13. "Out of Africa," Isak Dinesen. Another quintessential Africa book that inspired my global wandering. I never fail to tear up at this passage: "If I know a song of Africa, of the giraffe and the African new moon lying on her back, of the plows in the fields and the sweaty faces of the coffee pickers, does Africa know a song of me? Will the air over the plain quiver with a color that I have had on, or the children invent a game in which my name is, or the full moon throw a shadow over the gravel of the drive that was like me, or will the eagles of the Ngong Hills look out for me?" I wonder that about Morocco. How much of me is still there?

14. "Slaves of New York," Tama Janowitz. When I first read this book in the mid-'80s, I knew I had to live in New York someday.

15. "The Catcher in the Rye," J.D. Salinger.
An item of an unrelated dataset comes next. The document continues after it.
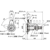 ・六角穴をまわすと、ポールが後退してロックがはずれます。さらにまわすと、ポールは75°回転し、ドアをあけることができます。
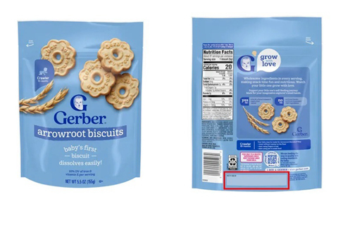 涉事嬰幼兒餅乾產品名稱為「Arrowroot biscuits」,品牌為Gerber,重量為5.5安士(155克),涉及產品批次的資料如下:

Who can't identify with the adolescent frustration and confusion that permeates this book, and permeates all of us well into adulthood?
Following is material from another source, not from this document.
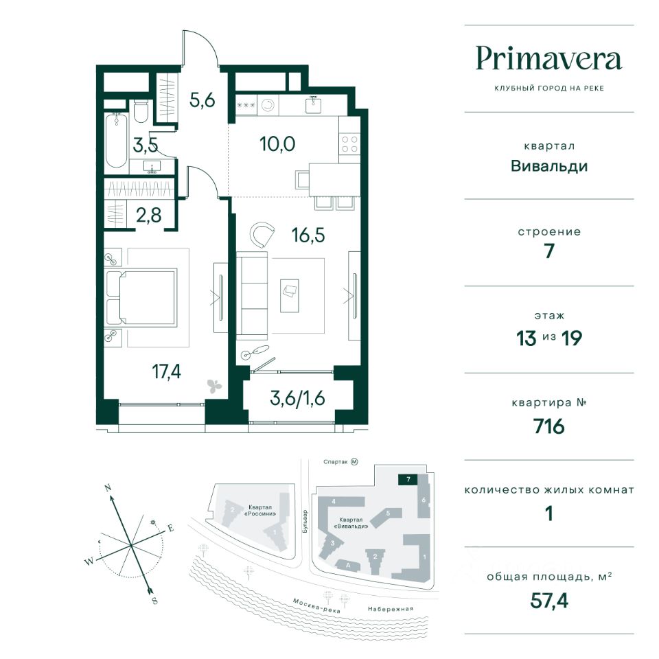 Клубный город на реке Primavera — это современный жилой комплекс премиум-класса, расположенный на первой береговой линии Москвы-реки в экологически чистом районе Покровское-Стрешнево. Под панорамными окнами квартир находится собственный экопарк с продуманной сетью прогулочных дорожек и современными детскими и спортивными площадками. За парком расположена набережная с собственным пляжем и зонами для отдыха. Клубный город на реке Primavera предлагает широкий выбор планировок для различных жизненных сценариев: от просторных однокомнатных квартир до пентхаусов и жилых помещений с террасами и патио. Выберите из 120 вариантов эргономичных планировок стандартного и евроформата. Из каждой квартиры открываются красивые виды на реку с углом обзора в 270 градусов. Дизайнерские лобби предлагают панорамный обзор на благоустроенный двор. Высокие потолки в 6 метров и качественная отделка создают атмосферу, схожую с пятизвездочными отелями. В Primavera есть всё необходимое для комфортной жизни в мегаполисе: • Образование для детей в шаговой доступности: 4 школы, 8 детских садов и развивающие центры с кружками и секциями. • Удобства на расстоянии приятной прогулки: супермаркеты, кафе, рестораны с верандами, салоны красоты, аптеки и многофункциональный центр для шоппинга и развлечений. • Умный дом: автоматизированное бесконтактное управление основными системами доступа и безопасности через мобильное приложение. Клубный город на реке Primavera выгодно сочетает комфорт городской жизни с близостью к природе. Живите в месте, где все создано для вашего удобства!

I love these books so much, I'm mailing them all across the ocean.

6 comments:

  1. You have great taste in literature! I think Sheltering Sky has to be one of the best books I ever read. I'm sure it has special meaning for you because of all the time you spent in that part of the world. That's a good exercise to name your top 15 books; I'll have to try it!

    ReplyDelete
  2. What a fantastic selection - high road, low road and everything inbetween.

    ReplyDelete
  3. Boy The Bell Jar was really freaky to me - by the end I finally understood why someone might consider suicide. But you're right, it's an excellent book.

    I live with a historian. Any book given away is a mighty victory in our house :)

    ReplyDelete
  4. No Jane Austen, but still a great list.

    ReplyDelete
  5. Three of these books, The Sheltering Sky, Slouching Towards Bethlehem, and In Cold Blood, really define my reading life in my twenties.

    Add The Executioners Song, Edie, and The World According to Garp and you have all the books that most transfixed me back then.

    Thanks for the trip down memory lane. (Looking back, I must have been in a fairly dark and ironic place.)

    ReplyDelete
  6. hey, i haven't checked your blog in ages, so I had NO idea you resumed writing (no RSS readers to warn me of your return) and left the US. congratulations on the big move. can't wait to read all about it.